Yeah, as the distance from the point to the circle approaches zero the radius of the circumcircle in question approaches the radius of the original circle, not zero as I mistakenly intuited it.

12. May 17, 2014

### Saitama

@utkarshakash: Do you see the one line solution? :)

13. May 17, 2014

### utkarshakash

Actually my book already contains that "one line solution" which states that P and the centre of circle are diametrically opposite points of the circumcircle. Initially you correctly pointed out that the centre of given circle will lie on the circumcircle but I was waiting for someone to explain why this is true and it seems like ehild did the job pretty well. Thanks to all of you :)

14. May 17, 2014

### phinds

Jeez ... I haven't gotten ANYTHING right in this. The above is a mis-statement. I meant (or should have meant) that the DIAMETER of the circumcircle approaches the radius of the original circle.

I think maybe I should give up math.

Or just keep my mouth shut.

Possibly both

15. May 17, 2014

### Saitama

Do you have more of these?

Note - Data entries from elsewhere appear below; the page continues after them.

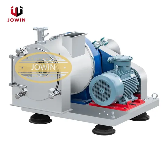 LLWZ Thickening Screen Worm Centrifuges It is a combination of a solid bowl decanter centrifuge and a screen worm centrifuge with exceptional dewatering results. In the decanter component, the feed suspension is first pre-thickened, i.e. it is extensively dewatered in the conical part of the solid bowl. The liquid is clarified in the cylindrical part and finally discharged. The pre-thickened solids are transported into the cylindrical screen section by the worm where additional dewatering is achieved. This centrifuge is particularly applicable for the solid-liquid separation in chemical, pharmaceutical and other industries. It features large processing capacity and low moisture rate of solid content. Especially for conditions that mother liquid with low solid concentration or mother liquid with small amount of oil substance, with better effect.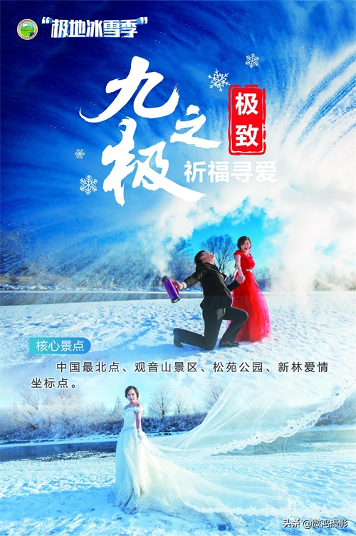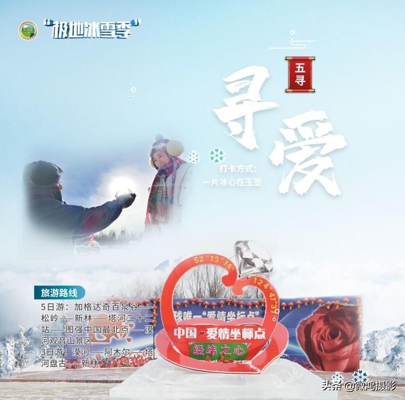 打卡方式:世界唯一爱情坐标点留影、冰雪婚纱,森林冰雪婚拍、冰心极地求爱。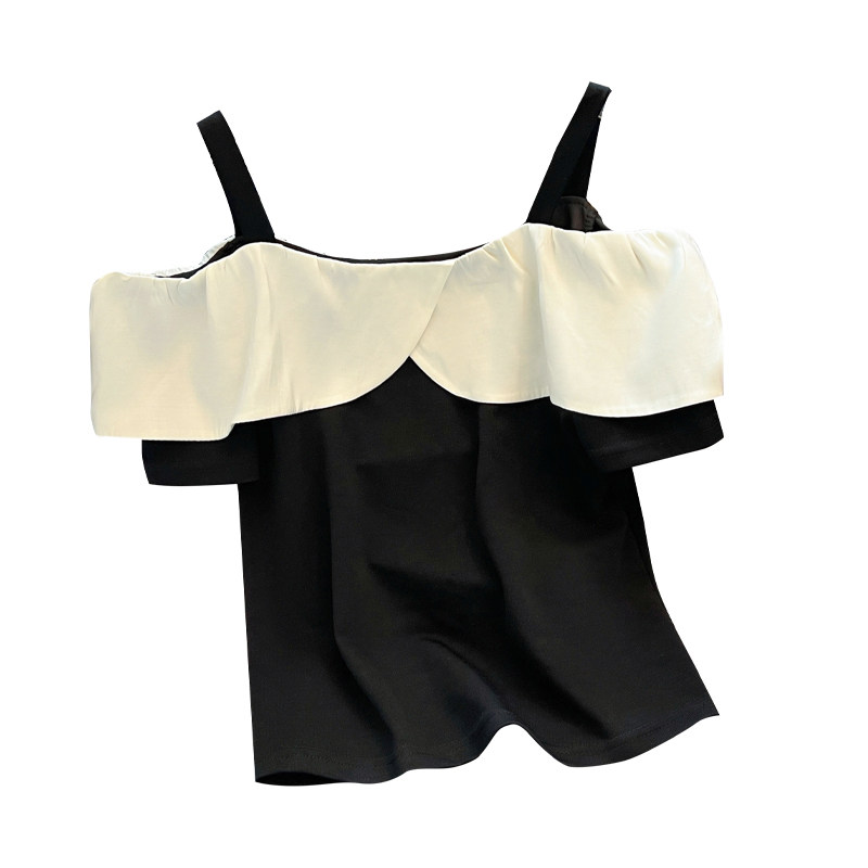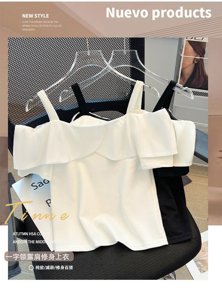 Летняя дизайнерская базовая футболка с коротким рукавом, открытые плечи, эффект подтяжки, тренд сезона, облегающий крой

You haven't posted a lot in Math section recently. :3

16. May 17, 2014

### utkarshakash

I know it's been a while since I posted in the Math section. It's because I already have the solutions to these problems and I can look them up whenever I want. It saves a lot of time.

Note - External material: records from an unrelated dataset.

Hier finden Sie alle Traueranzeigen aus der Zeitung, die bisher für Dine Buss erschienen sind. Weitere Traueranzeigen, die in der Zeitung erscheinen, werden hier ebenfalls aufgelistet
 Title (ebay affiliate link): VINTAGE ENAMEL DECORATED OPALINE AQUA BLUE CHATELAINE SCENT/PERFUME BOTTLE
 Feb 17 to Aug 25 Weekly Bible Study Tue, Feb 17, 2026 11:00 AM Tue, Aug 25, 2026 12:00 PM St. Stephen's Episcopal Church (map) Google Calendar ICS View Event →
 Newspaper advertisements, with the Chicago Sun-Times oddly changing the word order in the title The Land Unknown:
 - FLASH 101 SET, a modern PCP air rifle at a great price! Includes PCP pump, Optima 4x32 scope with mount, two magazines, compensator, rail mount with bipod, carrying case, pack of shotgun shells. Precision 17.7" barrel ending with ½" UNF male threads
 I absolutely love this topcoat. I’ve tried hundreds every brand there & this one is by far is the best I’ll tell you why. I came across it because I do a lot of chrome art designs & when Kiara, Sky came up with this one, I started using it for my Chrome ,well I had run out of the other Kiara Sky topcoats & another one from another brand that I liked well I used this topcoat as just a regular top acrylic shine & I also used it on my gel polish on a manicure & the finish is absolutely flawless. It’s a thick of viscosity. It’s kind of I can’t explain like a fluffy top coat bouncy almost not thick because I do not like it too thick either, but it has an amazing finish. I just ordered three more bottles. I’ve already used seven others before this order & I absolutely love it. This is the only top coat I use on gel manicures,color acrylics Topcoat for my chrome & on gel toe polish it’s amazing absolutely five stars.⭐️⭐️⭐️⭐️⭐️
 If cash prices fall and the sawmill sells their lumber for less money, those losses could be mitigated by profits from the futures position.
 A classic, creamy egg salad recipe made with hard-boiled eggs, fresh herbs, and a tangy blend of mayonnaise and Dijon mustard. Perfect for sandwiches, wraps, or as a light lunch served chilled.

btw, have a look at this thread

17. May 17, 2014

### Saitama

I already did but haven't been able to come up with any answer. Do you have a solution or final answer to this? I doubt the solution involves the method Ray Vickson has shown.

18. May 17, 2014

### utkarshakash

I couldn't understand his method as well. I don't have the final answers either. So ultimately I left the question.

19. Jun 17, 2014

### sankalpmittal

Quite late to post here.

Using one point form :

Tangent is y-3=m(x-2)

Now using perpendicular distance of this line from circle = Radius, you get two values of m. Consequently you can get points A and B by making the two equations identical to their point form one by one.

Then you get coordinates A and B.

Now I hope you can find the equation of circle through 3 points.